The first laser-guided wind reading technology has been installed atop a floating turbine, with a nacelle-mounted Lidar unit now operating on the FloatGen demonstrator turning off France.

First data collected using the technology, common in onshore wind but only recently being piloted on offshore wind farms, is said by the so-called Vamos consortium leader Stuttgart Wind Energy to be “very promising”, with a winter measurement campaign expect to “shed more light on the value of LiDAR on floating wind turbines”.
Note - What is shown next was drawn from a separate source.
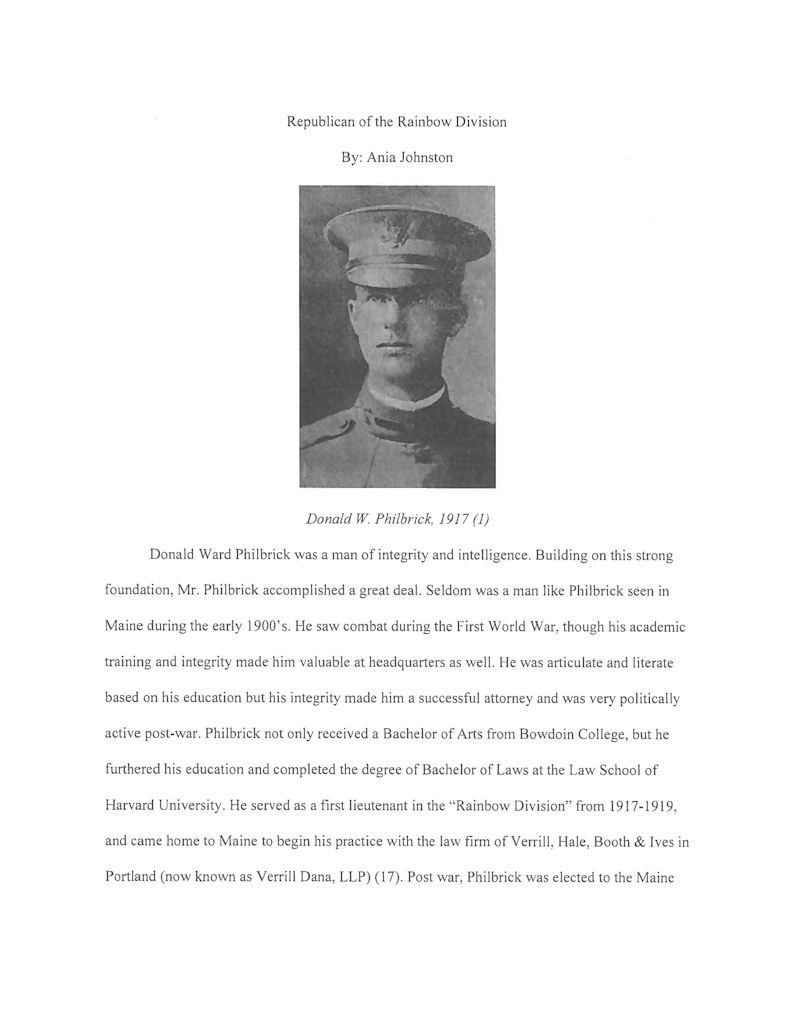 Below: A fantastic article on Donald W. Philbrick written by Ania Johnson and carried online by the BHS Library, Brunswick School Department

The Lidar, which uses light detection and ranging technology to shoot a laser beam into the sky to gauge wind flow by reading the way it “scatters” in the atmospheric particles, will inform projects on the validation of simulation tools, real-time wind data processing and advanced controller design, with an eye on developing lighter-weight and lower-cost floating turbine designs.

For the Vamos (validation, measurement and optimisation) project, funded by the German Federal Ministry for Economic Affairs & Energy and supported by the EU’s Marinet2 H2020 programme, two wind Lidar systems will be installed on the full-scale demonstrator, made up of a genericised 2MW Vestas turbine and a ‘damping pool’ platform design developed by Ideol, for a six-month measurement at the Sem-Rev test site off western France.

The Ideol floating wind platform has seen installation off Japan as well as France, with expectations the concept will be among the three leading design for the coming wave of projects off Europe, Asia and the US.